LA COMUNIDAD DE BETANIA

Yendo de camino, entró Jesús en una aldea. Una mujer, llamada Marta, lo recibió en su casa. Tenía una hermana llamada María, la cual, sentada a los pies del Señor, escuchaba sus palabras. Marta se afanaba en múltiples servicios. Hasta que se paró y dijo: -Maestro, ¿no te importa que mi hermana me deje sola en esta tarea? Dile que me ayude.

El Señor le replicó: -Marta, Marta, te preocupas y te inquietas por muchas cosas, cuando una sola es necesaria. María escogió la mejor parte y no se la quitarán (Lc 10,38-42). 

Betania es una comunidad. Es modelo de comunidad. ¿Por qué? No por el tópico que siempre nos viene a la cabeza: Marta representa la incansable mujer de acción y María la perseverante mujer de contemplación. 

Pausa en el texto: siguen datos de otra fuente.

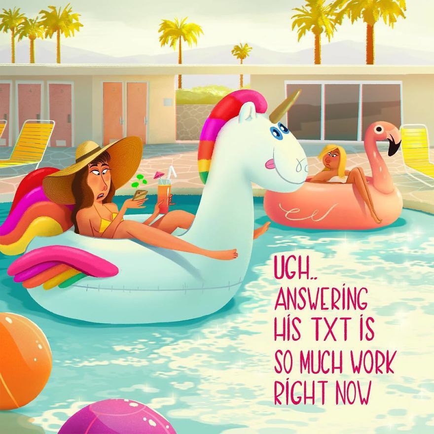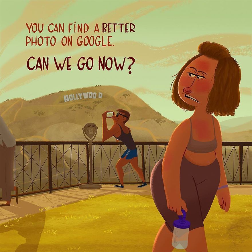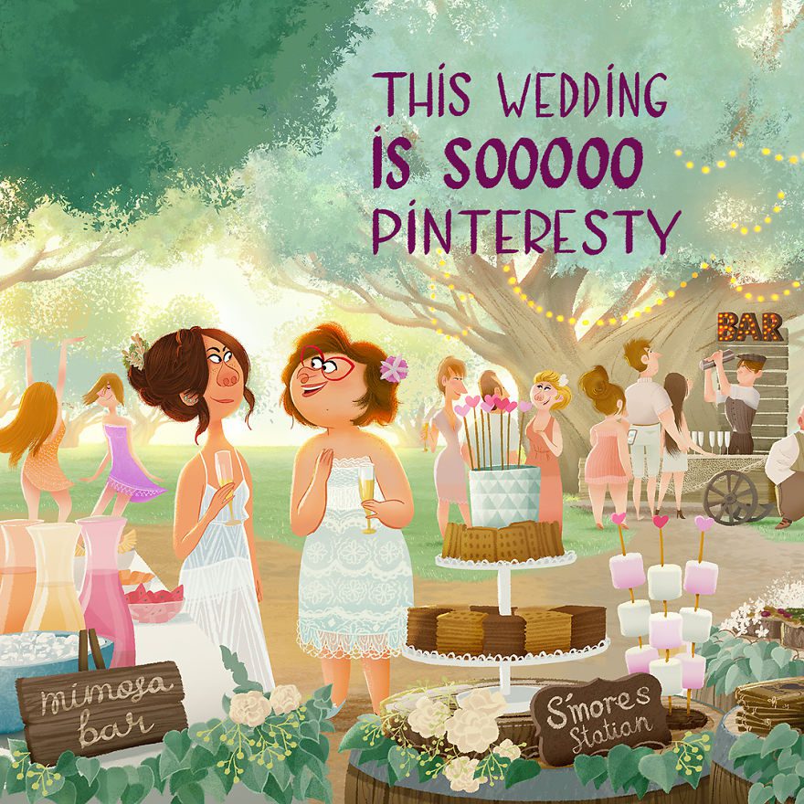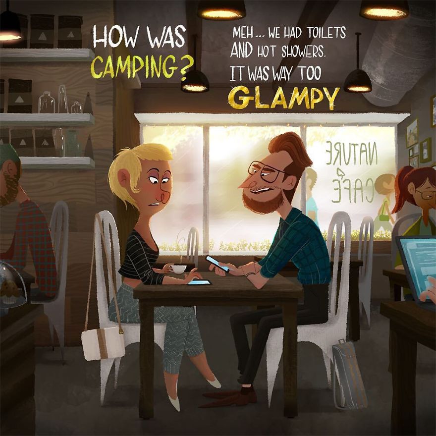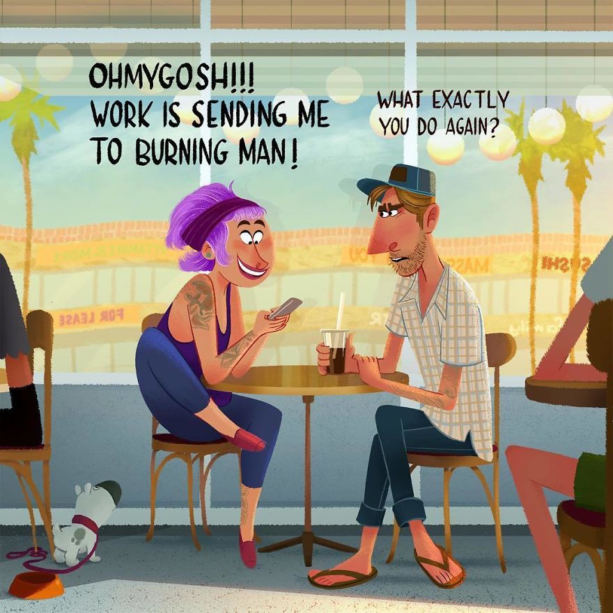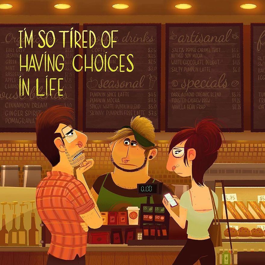 “The idea for “#ThingsThatiHear” arrived when I was visiting a cookware store in Los Angeles. A young woman was looking at her phone and gave a big sigh, turned to her friend decisively and exclaimed, “He wants to go to Bali. But I say Fiji!” I couldn’t help but laugh. The absurdity of this “first world problem” was too much. From that moment on I started to catch all sorts of real-life conversations, that eventually turned into these illustrations.”

Betania es comunidad paradigmática porque Jesús está dentro de ella. Hay un lugar para él. Y con Jesús dentro todo puede cambiar, progresar. 

En Betania las dos hermanas viven abiertas a Jesús, el amigo incondicional. Y cada una es como es.

Marta es una mujer enamorada de Jesús, acogedora (es quien lo recibe), organizadora, previsora, detallista, perfeccionista, trabajadora… Por amor, por amistad, para que todos se sientan a gusto ella cree que todo tiene que estar a punto. Cuida la calidad de la casa para que la acogida sea cálida. Pero a la vez es impulsiva, excesivamente preocupada, nerviosa, ¿obsesiva?

Hasta que se paró, dice el texto. Ya no puede contener los nervios. Saca afuera todo lo que la carcome por dentro. Incluso se atreve a decir a Jesús qué es lo que le tiene que importar: No te importa que mi hermana me deje sola. Y qué tiene que hacer Jesús: Dile que me ayude. ¡Ya han saltado las alarmas! Se ha provocado una crisis comunitaria de grandes proporciones. ¡Es una bomba! ¡Y parece que la culpa la tiene Jesús! 

El Papa Francisco en Gaudete et exultate, 28, no sé si pensando en Marta, escribe: “Una tarea movida por la ansiedad, el orgullo, la necesidad de aparecer y de dominar, ciertamente no será santificadora. El desafío es vivir la propia entrega de tal manera que los esfuerzos tengan un sentido evangélico y nos identifiquen más y más con Jesucristo”.

Marta tiene muchas rendijas por las que Jesús tiene entrada en ella. El amigo Jesús deberá trabajar en ella la calma, el silencio, la contemplación, saber discernir cuál es la única cosa necesaria…para ser discípula. Todo se logrará, mientras se acoja a Jesús y permanezca allí, en medio, en el centro de la comunidad.

María, sentada a los pies escuchaba sus palabras. Sabe cuál es la tarea principal y a ello se dedica: a ser discípula. Pero el discipulado no está reñido con el compromiso. Precisamente antes de este texto, en la parábola del buen samaritano, Jesús ha dicho al Maestro de la Ley que hiciera lo mismo que ha hecho el buen samaritano: Ve y haz tú lo mismo, es decir, atender al que está herido al borde del camino; esto es hacer diana. Por tanto, María no puede olvidar que Jesús ha venido a servir.

Francisco en Gaudete et exultate –¿pensando en María?- recuerda: “No es sano amar el silencio y rehuir el encuentro con el otro, (…) rechazar la actividad, buscar la oración y menospreciar el servicio. Todo puede ser aceptado e integrado como parte de la propia existencia en este mundo, y se incorpora en el camino de santificación. Somos llamados a vivir la contemplación también en medio de la acción, y nos santificamos en el ejercicio responsable y generoso de la propia misión” (26). “La oración es preciosa si alimenta una entrega cotidiana de amor” (104).

El amigo Jesús tendrá que trabajar en María el saber compaginar servicio y contemplación. Una contemplación que no cierra los ojos a la realidad. Marta tendrá que acertar con la cosa necesaria.

Las dos hermanas aprenderán con Jesús a vivir el discipulado como peregrinas de la fe. Ésta es nuestra tarea. Betania es comunidad que crece con Jesús en medio. Es inevitable pensar en nuestras comunidades parroquiales, de base, religiosas; en nuestros grupos y movimientos. ¿Qué lugar ocupa Jesús, amén de estar guardado en el sagrario?